SLD Injection, it's a thing

I'm in the middle of preparing a session about security, and one topic you regularly bump into when thinking about security and writing code is SQL Injection. Although it is the year 2016, there are still people writing code which is vulnerable against SQL Injection.

But I'm not going to focus on SQL Injection here, I'm going to take it one step further. If you want to read up on SQL Injection, Bing/Google is your friend. Or just take a look at good old Bobby Tables.

People often think: "It's called SQL Injection, but I'm not using SQL here, so I'm safe."

Wrong.

From the moment you're using any type of query or filtering language construct, you can introduce some form of SQL Injection in your code:

Another fun example uses the System.Linq.Dynamic NuGet package. This little gem allows you to use string expressions to filter on IEnumerable's. And because it makes our developer life easier, we could use this to filter data in a Web API, for example.

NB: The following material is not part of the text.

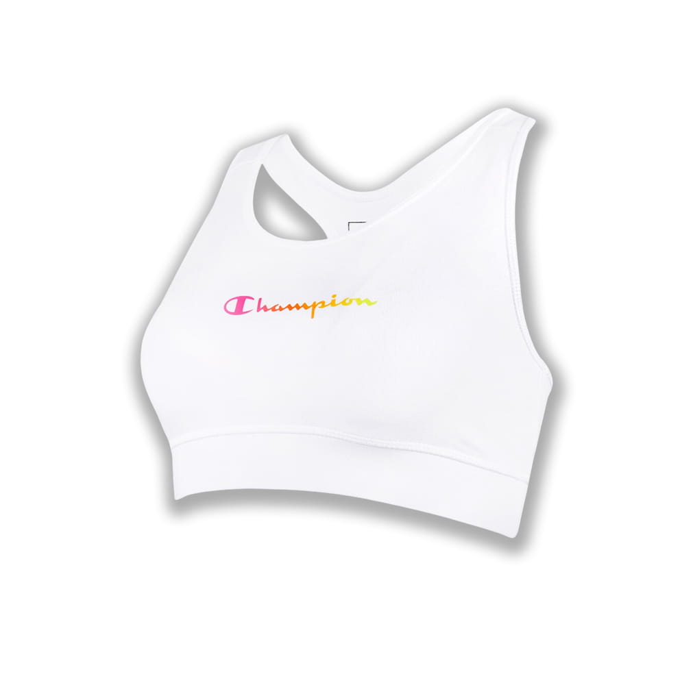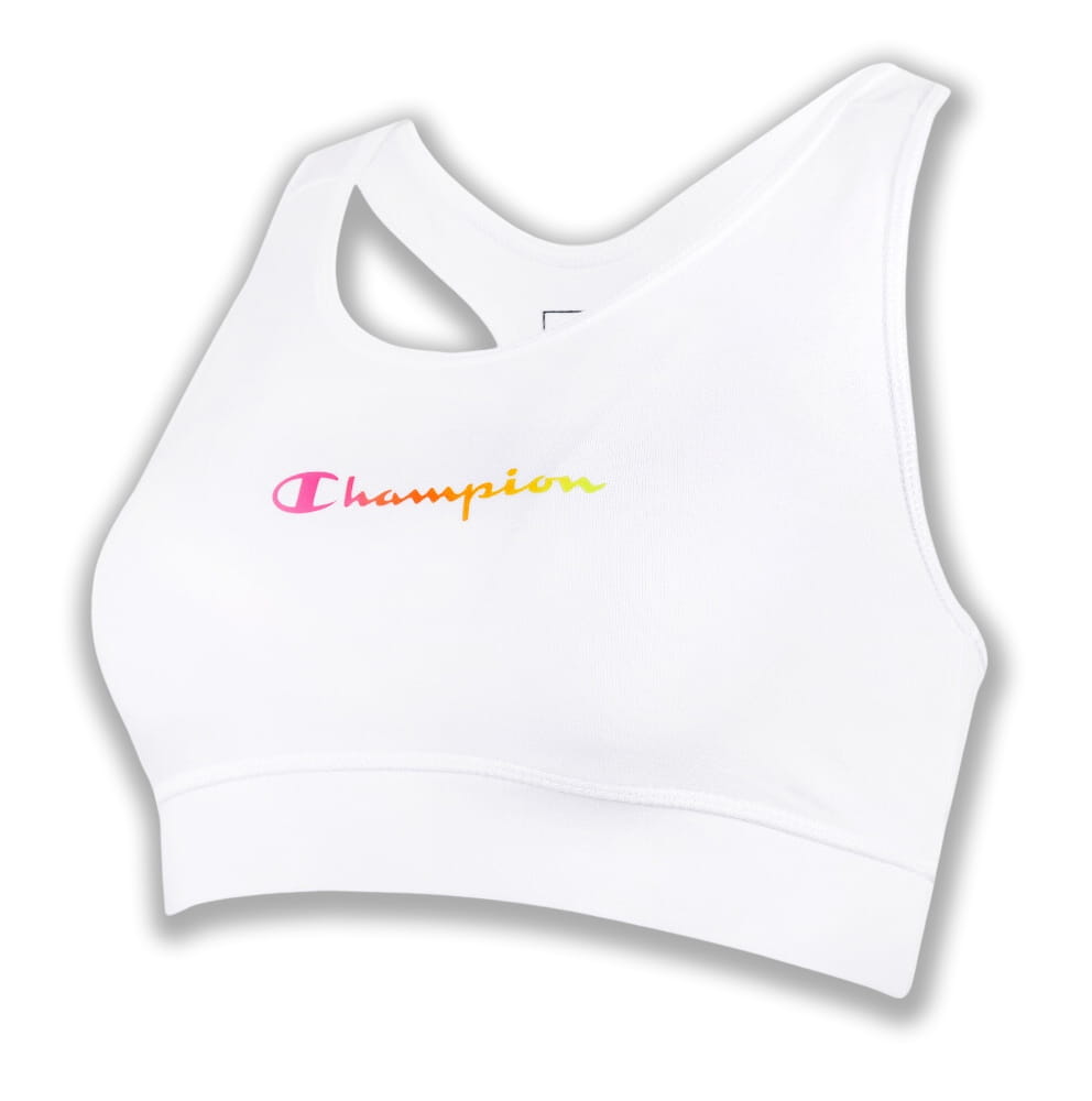 Biały top sportowy z ozdobnymi kolorowymi napisami. Posiada wygodne szerokie ramiączka.

Take a look at this piece of code:

public async Task<IEnumerable<User>> GetUsersAsync(string filter)
{
    // Lets say the current user can only access data with odd ID's
    var fullFilter = "(id % 2) = 1";

    if (!string.IsNullOrEmpty(filter))
    {
        fullFilter += $" && {filter}";
    }

    return (await DbContext.Users.ToListAsync()).Where(fullFilter);
}

Yes, I know this is not the best code because you're fetching all users from the database and then you reduce the result set, but bear with me. I'm making a statement here. Besides, this kind of code is still being written in production as well!

As you can see, you're applying a filter to a list of User instances using System.Linq.Dynamic. That filter could be, for example, this:

"name.StartsWith(\"n\")"

This would reduce the results down to all users with an odd ID and where the surname starts with "n". But someone could circumvent our fixed "odd ID" filter part, which would ignore our little security measure, by changing the filter a bit:

1 = 1 || 1 = 1

This filter value would make fullFilter look like this:

(id % 2) = 1 && 1 = 1 || 1 = 1

Because we're missing parentheses around the user filter part, the ID filter will be ignored. One solution could be to add these parentheses.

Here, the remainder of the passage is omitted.